[TASK TO CARRY OUT]: Retype exactly what runs from the first line of the data to the line with "This bold three", keeping both of those lines and skipping pictures.

Recorded data:
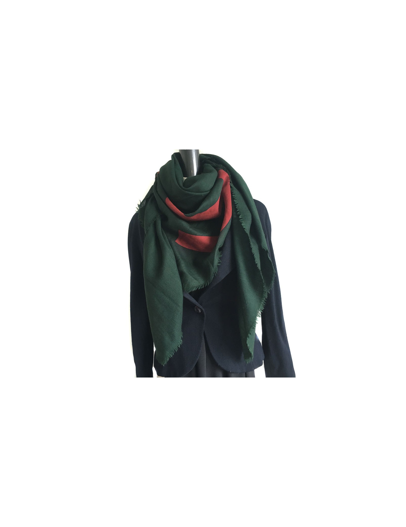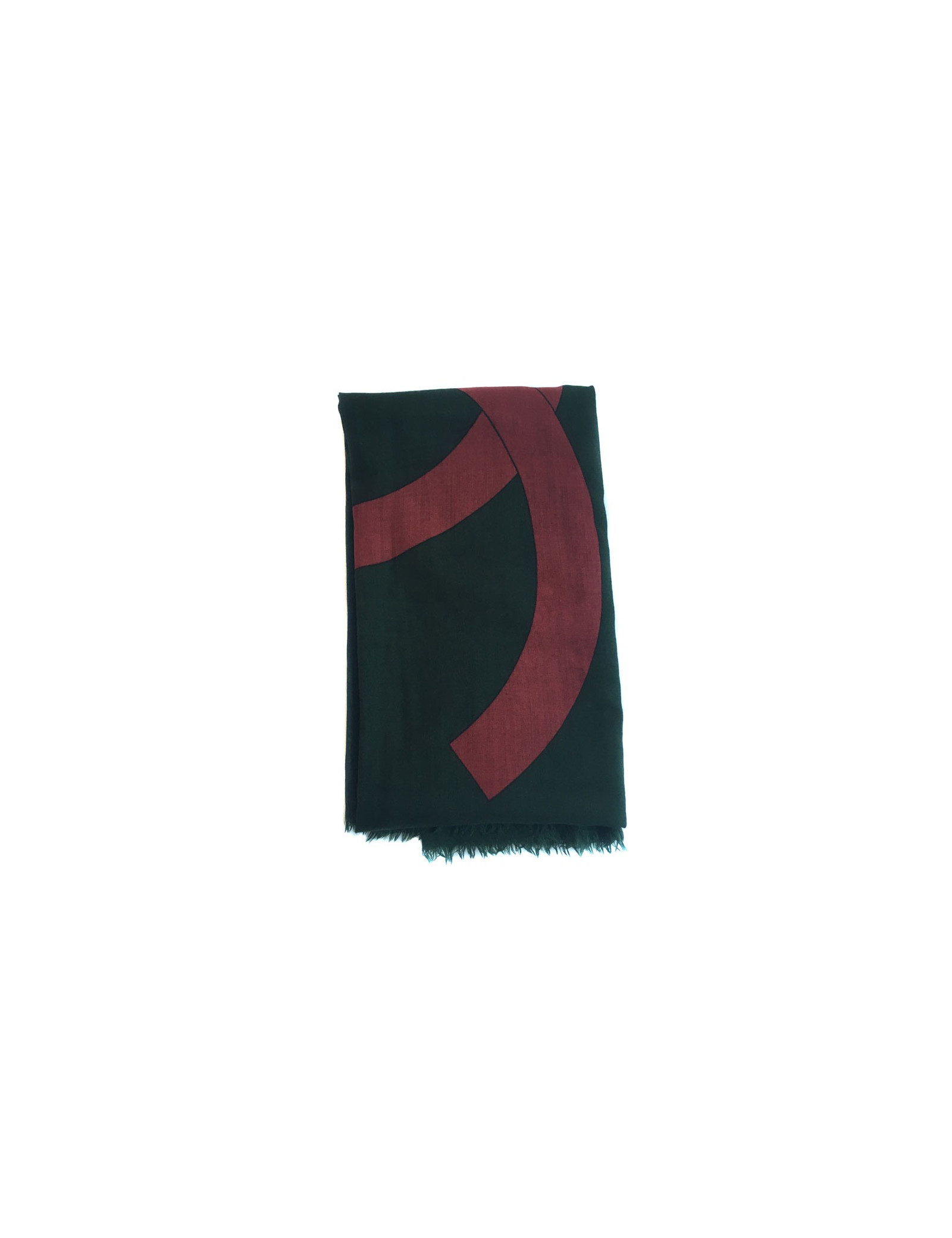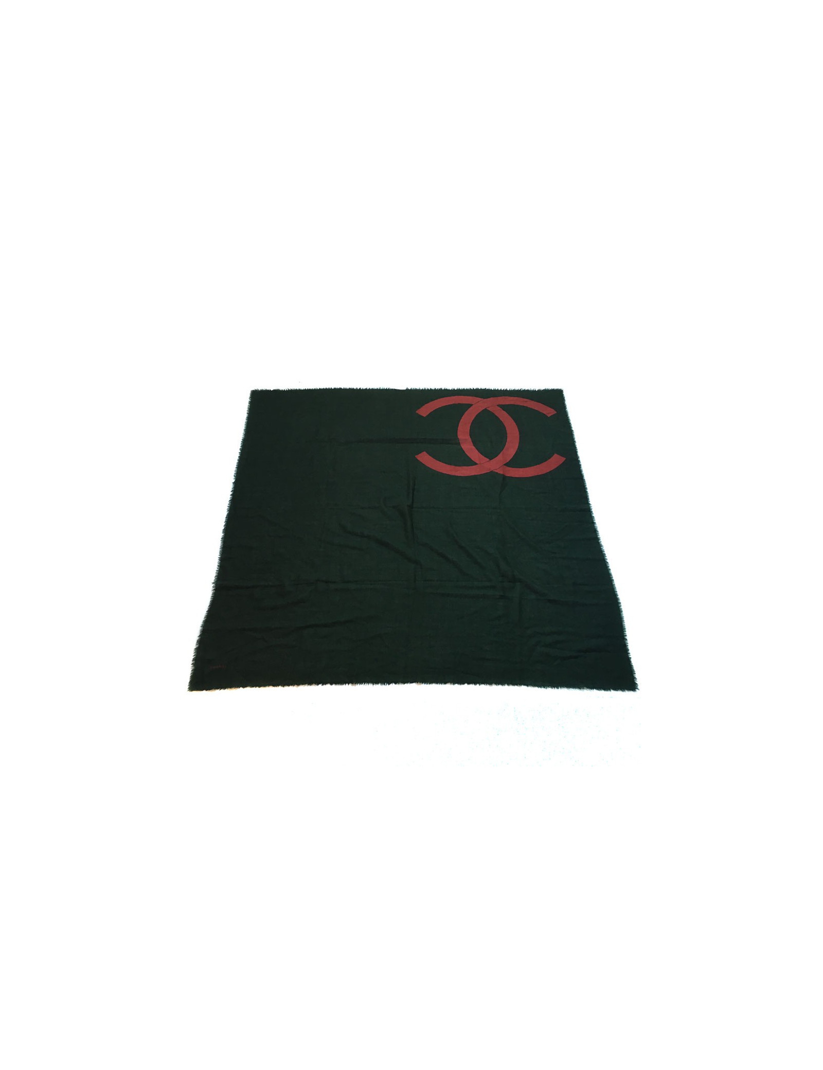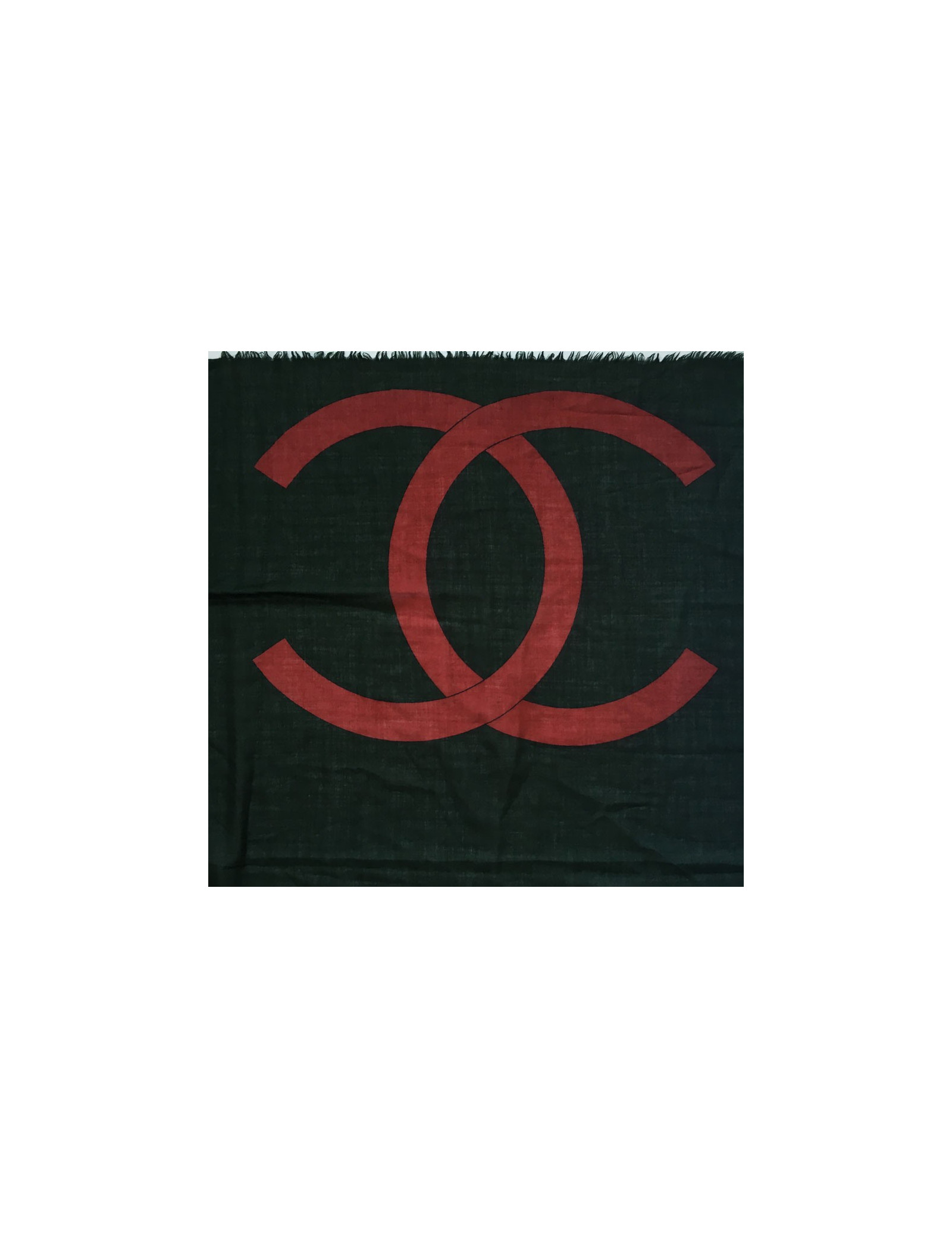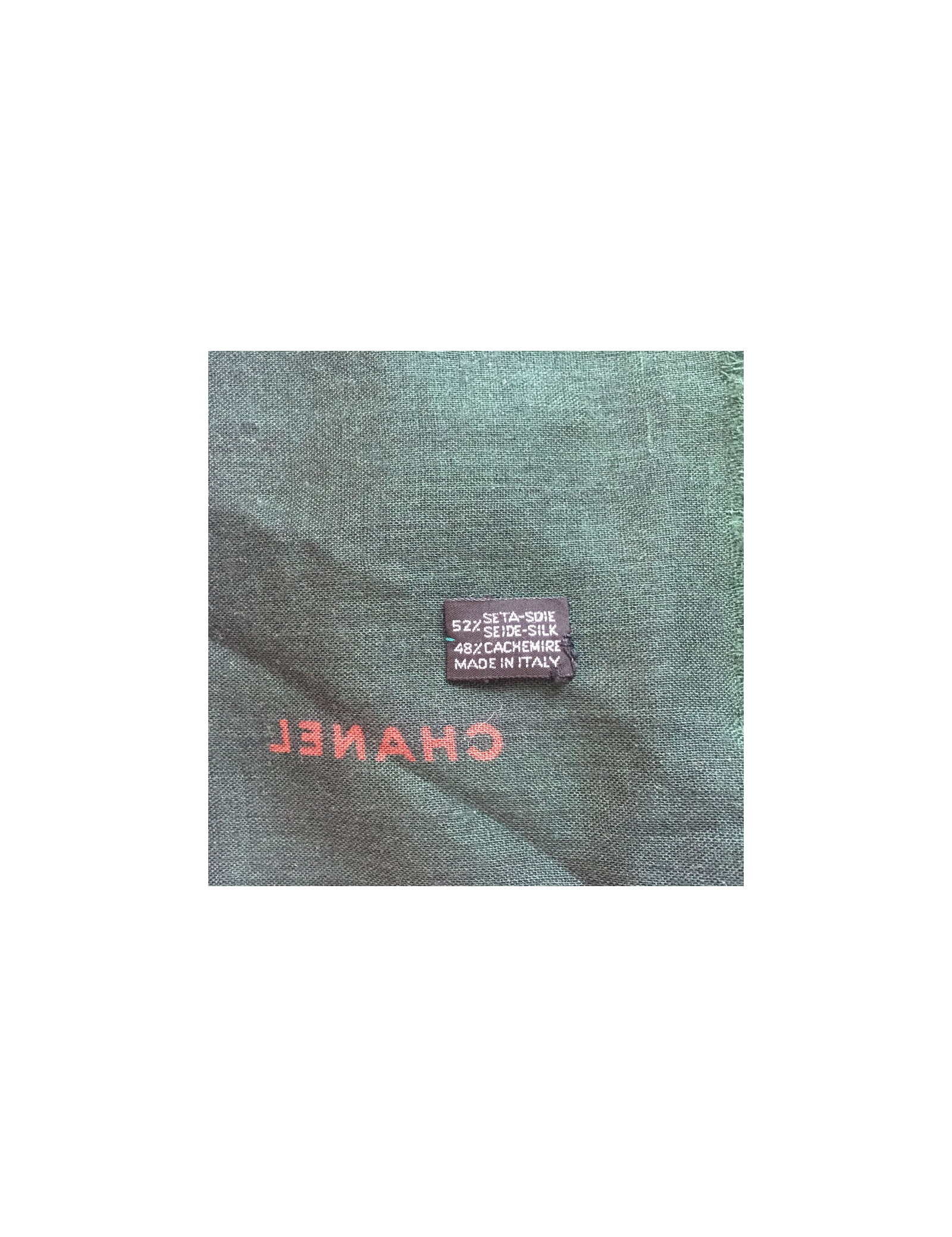 Étole CHANEL en soie et cachemire vert et rouge brique
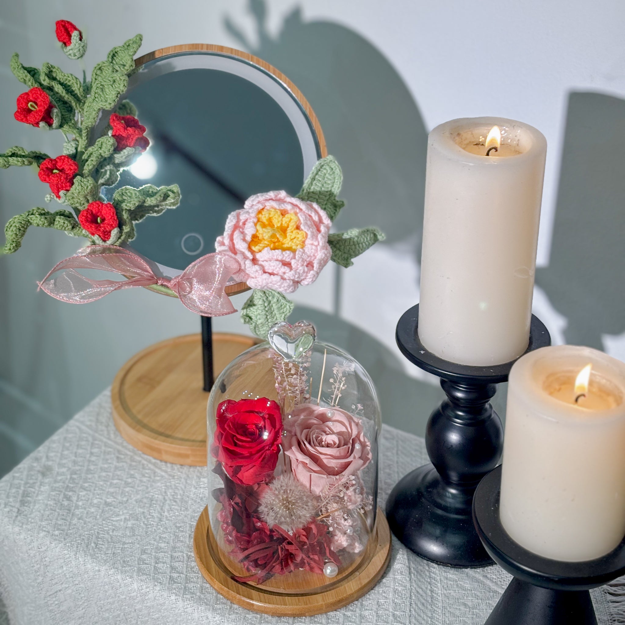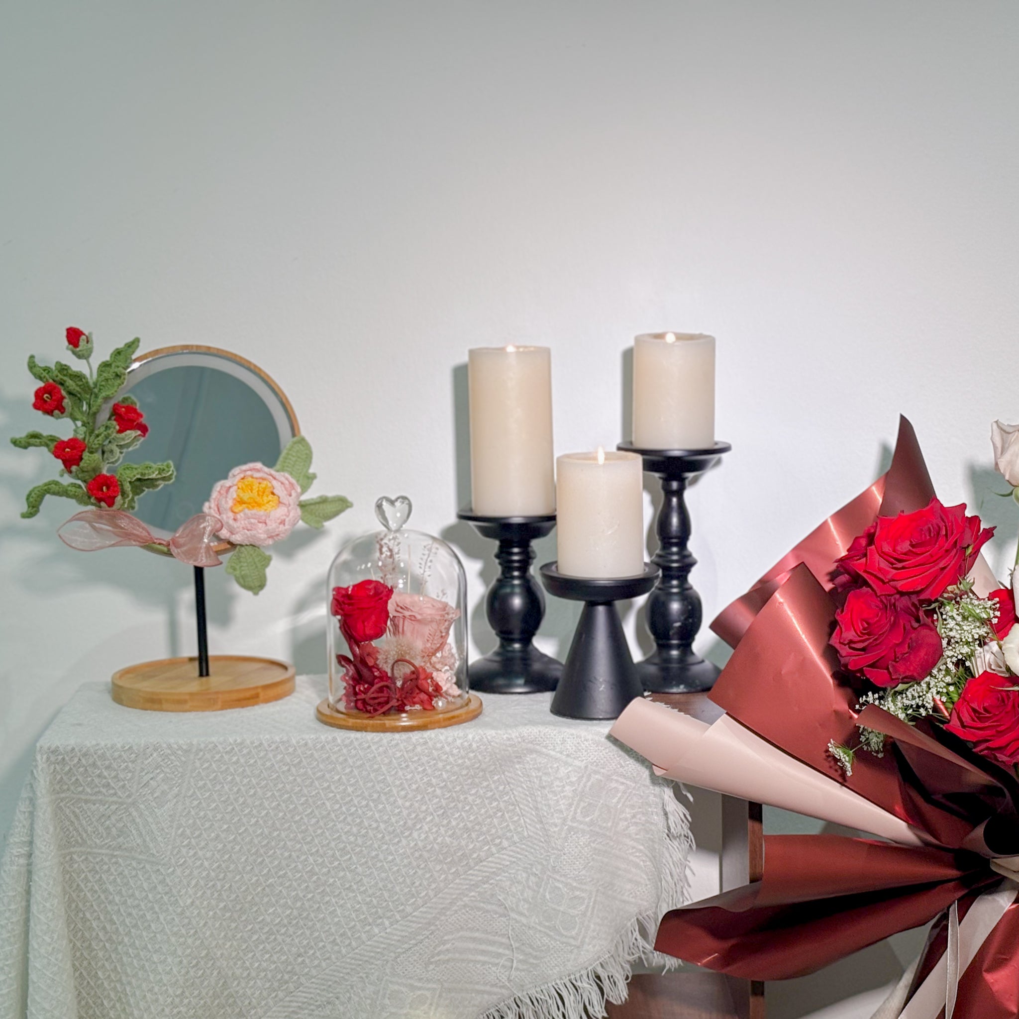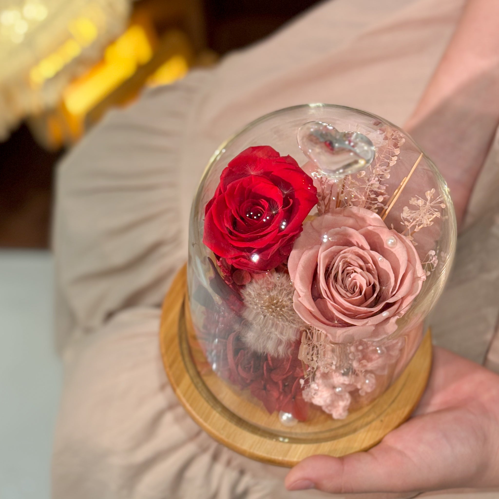 This bold three piece Valentine's bundle features a fresh bouquet crafted in two tones with premium red roses and  premium quicksand roses - paired with a LED Mirror and a delicate bell jar display. Powerful yet refined, it is made for someone who loves certainty and stands beautifully on their own.
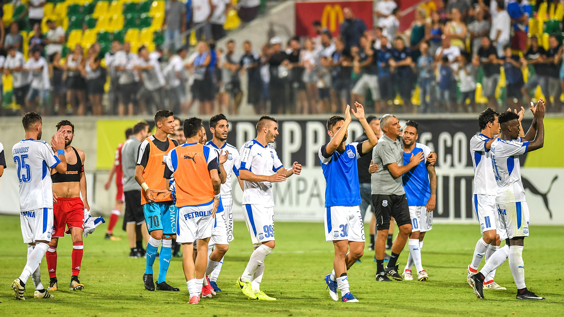 The dream started to go away only in the 10th minute of the match, as Apollon was back in the score with a goal by Hassan, however the self-denial and the faith shown by our players to reach the qualification, was transformed into a qualifying goal in the 50th minute with Skembri, who scored by sending our team to the Monaco draw. Ten minutes before the end, Da Silva’s penalty was blocked by the opposing goalkeeper, but fortunately it did not cost.
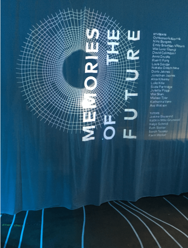 ‘The past is an exotic place – that makes it good for considering possible futures. Re-forming the historical in a new way using techniques and technologies of the present, the artists explored elements of the 1862 London Exhibition and the 2015 Milan Expo to build a bridge from the past to the future. Everything you see here was a reflection and refraction of past, present and future. Memories of the Future was an exhibition curated and designed by Royal College of Art students looking at the mechanics of the past world expositions, subverting historic designs and rediscovering the role of mechanics within the exhibition. It was the result of a collaboration between Information Experience Design and History of Design at the Royal College of Art.
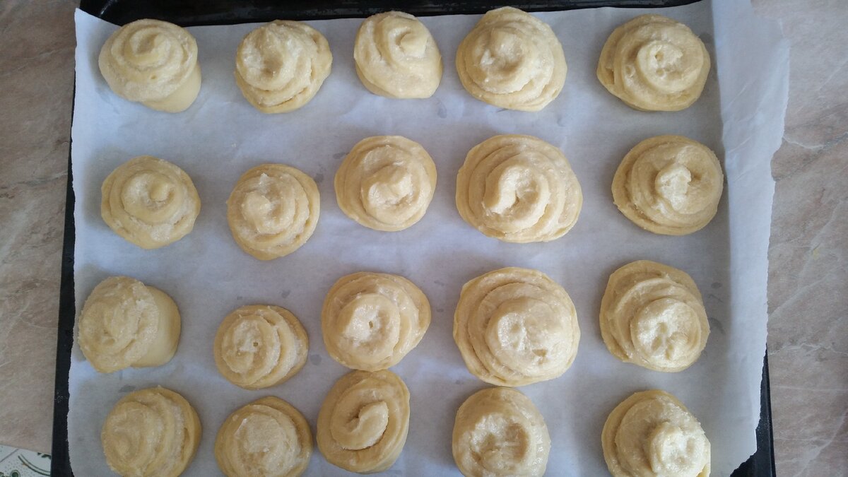 Все перемешать и замесить тесто.Оставить тесто на час подниматься.. Раскатать тесто толщиной 1 сантиметр.. Намазать внутри нашей начинкой (по желанию можно добавить изюм) закатать в рулет,нарезать рулет на части толщиной примерно в 2 пальца.Достаём противень застелить пергаментной бумагой,выложить все кусочки на противень и заправить все кусочки розочкой.Намазать наши розочки желтком. И оставить на 1 час подниматься. Далее отправляю в разогретую до 200° духовку.
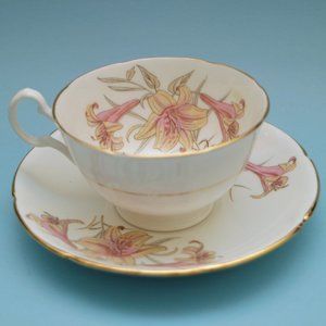 Royal Grafton Bone China Teacup & Saucer England Pink Lilly, Vintage Tea Cup
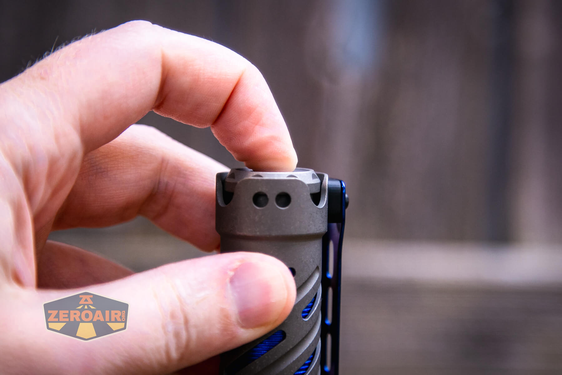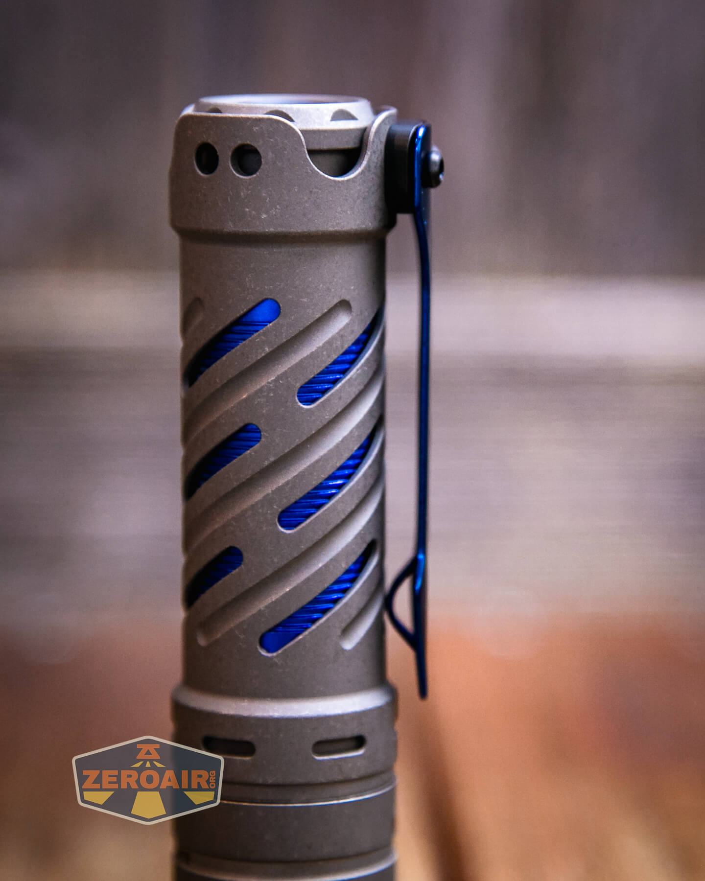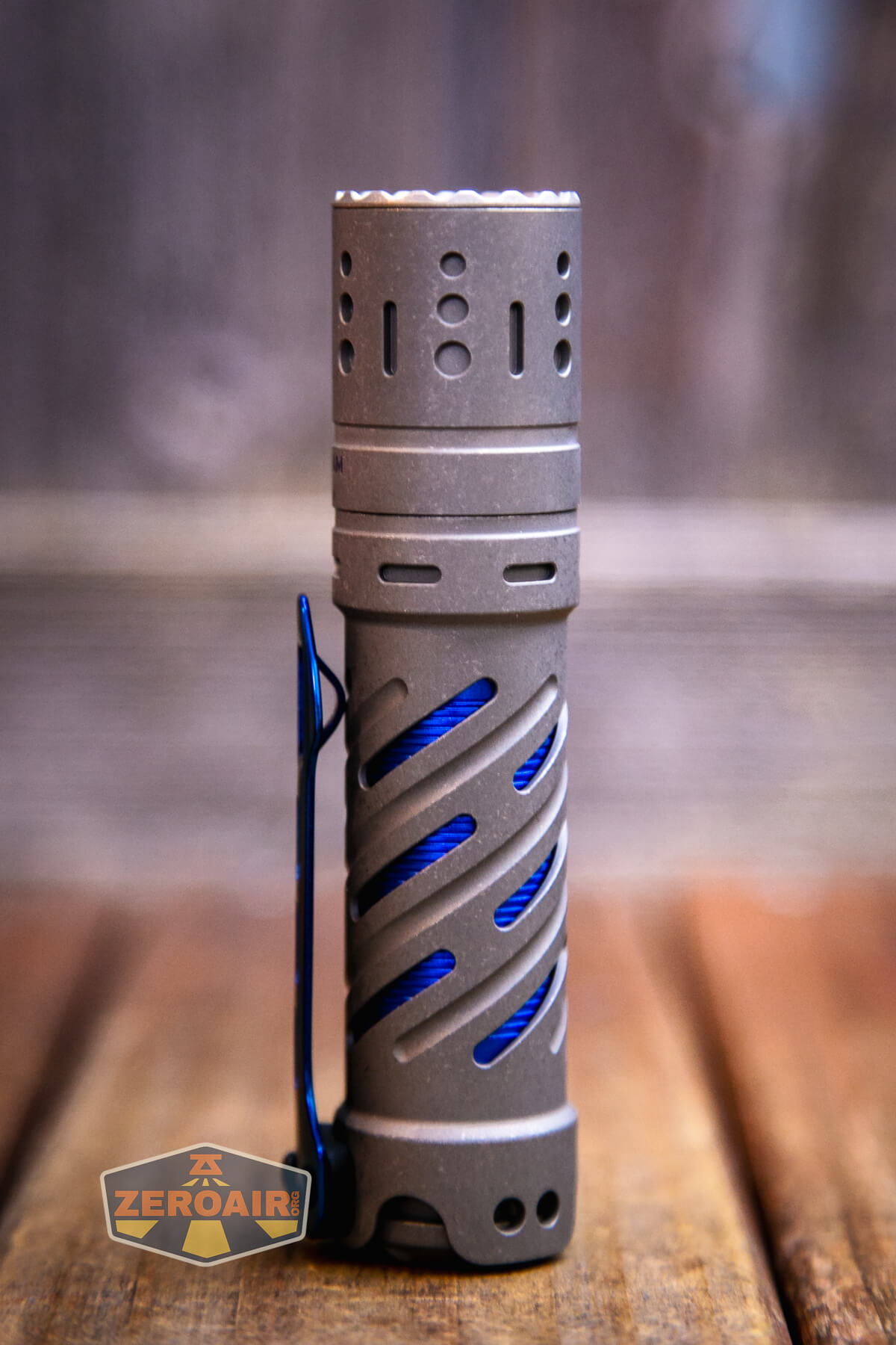 First of all, how much stuff is going on here with this light? There are body spirals. More than just spirals – there’s an inset body, with blue anodization. There are tritium slots in the shoulder. There are cooling…. circles… in the head. It’s a lot to take in! I’m happy with the size of this light. Generally, because I’d say I’m happy with the size of the 21700 cell lights. But this is an 18650 cell light…. What I mean by that is that it’s “probably big” for an 18650 light, but the size isn’t off-putting (You should be off pudding!), because the size is still acceptable. But look at the size comparisons below to make up your mind. (It’s shorter than a Convoy S2+, and everyone should have many of those!)

[EXERCISE SOLUTION]:
 Étole CHANEL en soie et cachemire vert et rouge brique
 This bold three piece Valentine's bundle features a fresh bouquet crafted in two tones with premium red roses and  premium quicksand roses - paired with a LED Mirror and a delicate bell jar display. Powerful yet refined, it is made for someone who loves certainty and stands beautifully on their own.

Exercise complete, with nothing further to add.